Though it is true that the legislative changes shift the responsibility onto the private sector firms, this is not the burden that many in the financial services world initially consider it to be. The use of independent contracts should instead be viewed as an opportunity, a chance to benefit from their services in a way that minimises regulatory risk across the tax compliance dimension.

To help the private sector, HMRC has designed the Check Employment Status for Tax (CEST) tool to help employers decided how the work being done should be dealt with for tax purposes. Created to help, in reality it creates more issues as studies indicate that in at least 20% of cases it is unable to provide a determination at all and, as it does not allow for holistic assessments across the business of multiple contractors, it cannot deliver the corporate support end-clients need. It is important that IFAs take matters into their own hands and prepare for the changes themselves.

 
 

One of the first things that IFAs should do is lead a conversation about the new changes with their clients. It is important that IFAs are on the same page as their clients, as transparency and good line of communication will allow IFAs to be assessed fairly and prevent disputes arising.

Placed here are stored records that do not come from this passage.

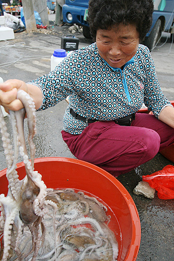 아주 작은 것에도 장사 수단이 숨어 있다. 낙지가 담긴 대야에는 갱물(바닷물)을 많이 부으면 안 된다. 낙지가 작게 보인다. 대야 속 고기가 훤히 들여다보여야 팔리는 법, 생물 담긴 대야에 일어나는 물거품을 제거하는 방법이 있다. ‘새우깡(과자)’이다.
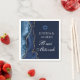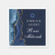 L'élégante agate bleu marine et or orne cette serviette en papier du parti B'nai Mitzvah pour une famille juive célébrant l'appel de leur enfant à la Torah. Les deux noms sont écrits dans une belle écriture formelle sous l'Étoile de David pour une célébration conjointe.
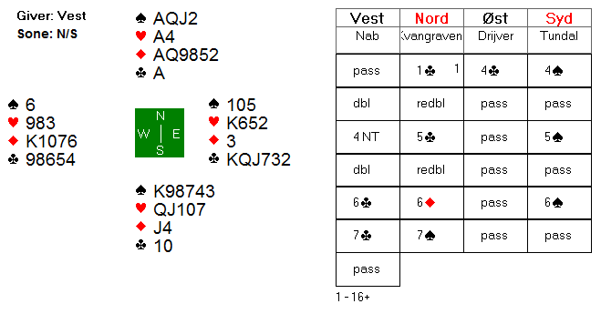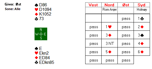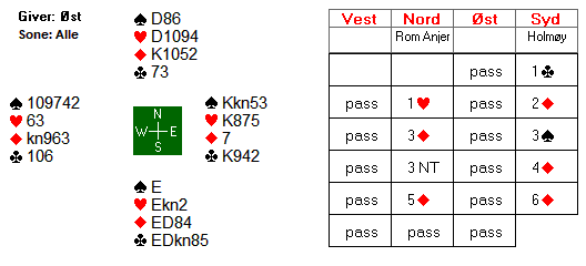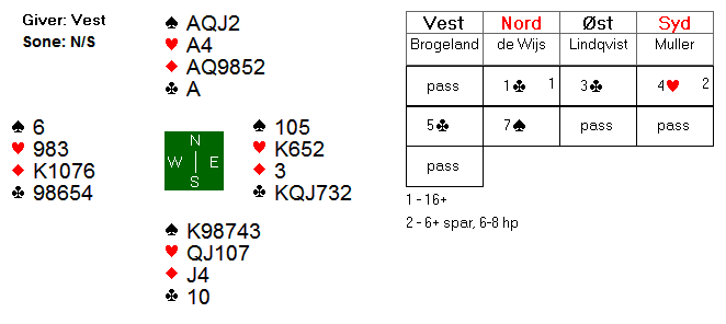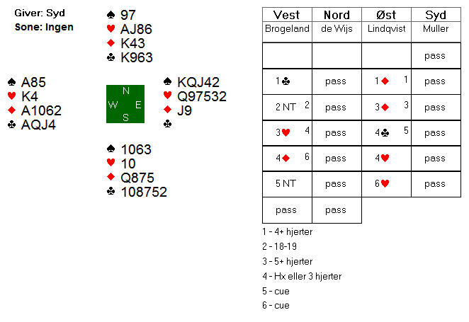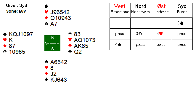 Spillet gikk ut ved det andre bordet, der kløver dame falt under esset uten at spillefører brukte en høy kløver fra bordet, og det ikke var noe problem å få tak i 4 kløverstikk.
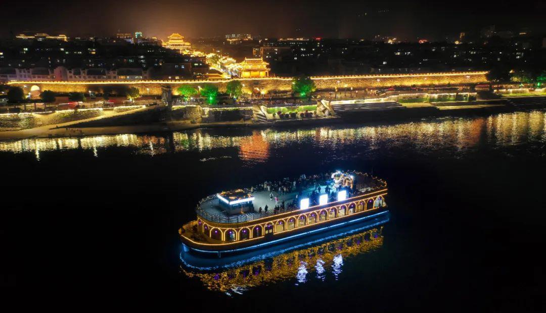 市井烟火气是襄阳夜游的另一张名片。襄阳古城北街人声鼎沸,游客循着香气逛吃襄阳牛肉面、红糖饼等特色美食,感受最地道的襄阳生活。北街姊妹街管家巷同样热闹,华灯初上时,青砖黛瓦的街区内,NPC主导的互动演艺与文创集市相映成趣,成为游客夜游打卡的 新地标。米公祠晚间文艺汇演免费开放,汉江游轮推出“浪漫汉江+节目演艺”航线,游客乘船夜游汉江,尽览两岸璀璨夜景,聆听“襄阳江湖故事”,感受“侠义之城”的浪漫。
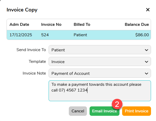 2. Select the Invoice options as usual and click on the ‘Email Invoice’ button
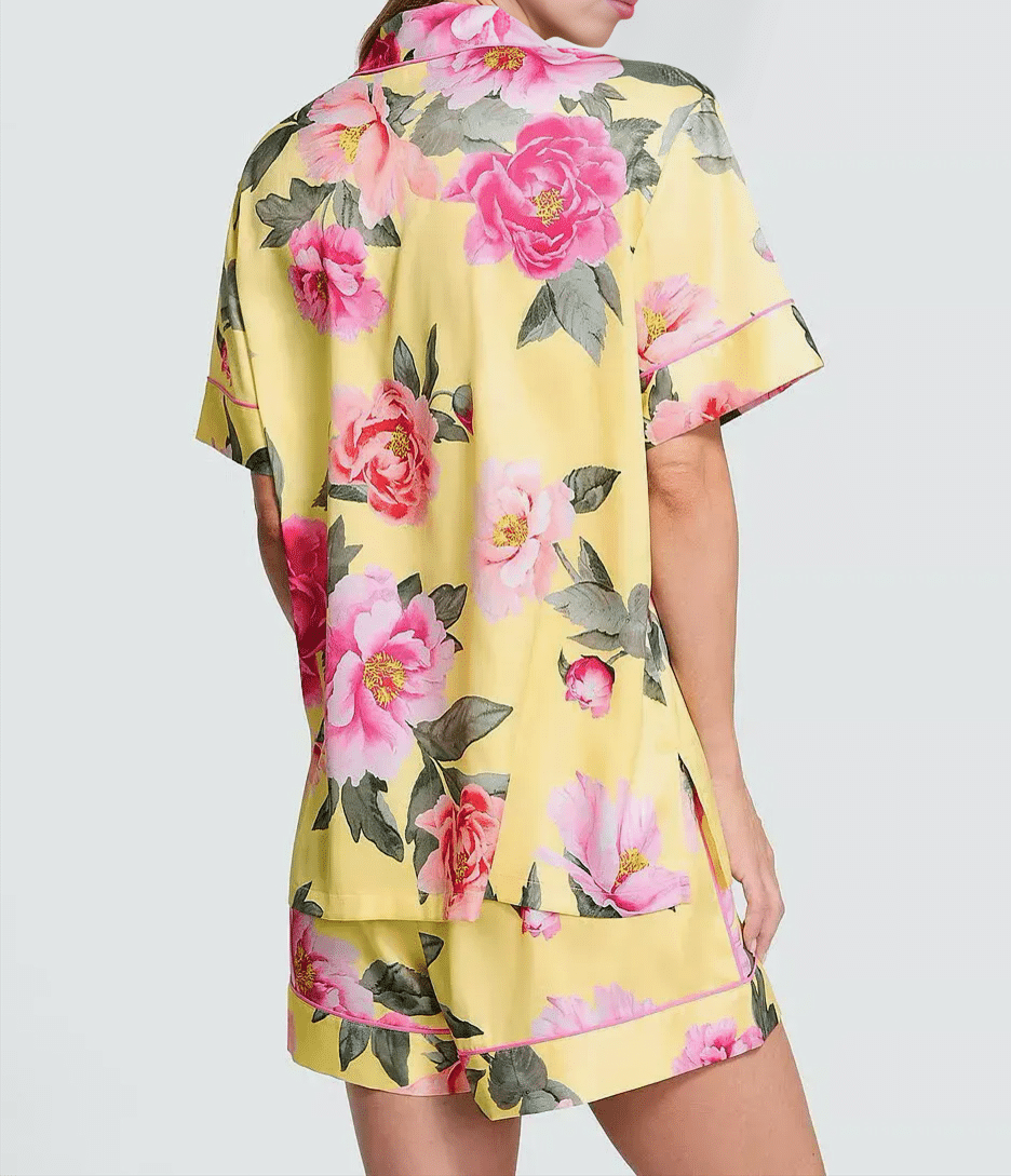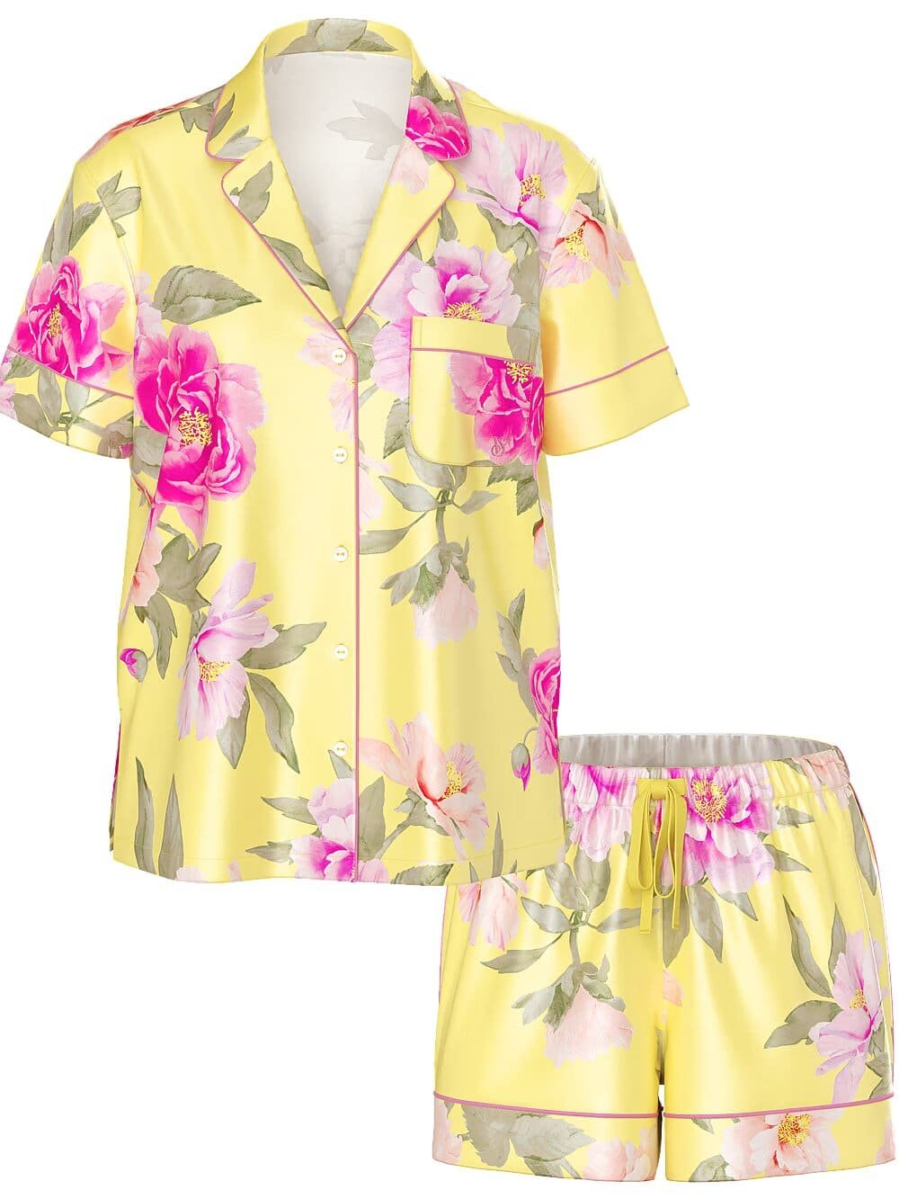 Легка, м’яка, як шовк і приємна піжама з розкішної атласної тканини із застібкою на гудзики, відкладним коміром з розрізами та оздобленням декоративним кантом.

As well as conducting conversations with clients, it is also important to reach out to fellow IFAs. Talking to other limited company contractors about their circumstances will be vastly beneficial if you’re going through a similar situation, and as these are blanket rules most IFAs will be affected in the same manner.

Practical steps include:

  • Opening up a dialogue with your client
  • Seeking support from experts as to how best manage the changes within your existing relationships
  • Ensuring any existing contracts are fit for purpose and have taken the legislative changes into account.

Though it may seem that the legislative changes are a deterrent for private companies using contractors, the reality is that they are a mere hurdle that can be readily overcome with a consistent and pragmatic approach. If there are any key takeaways from the pandemic, it is that a flexible workforce is the key to economic survival, especially as we emerge out of the pandemic.

Michael Paulin is the founder of Wolf IR35 Legal Services and a tax barrister.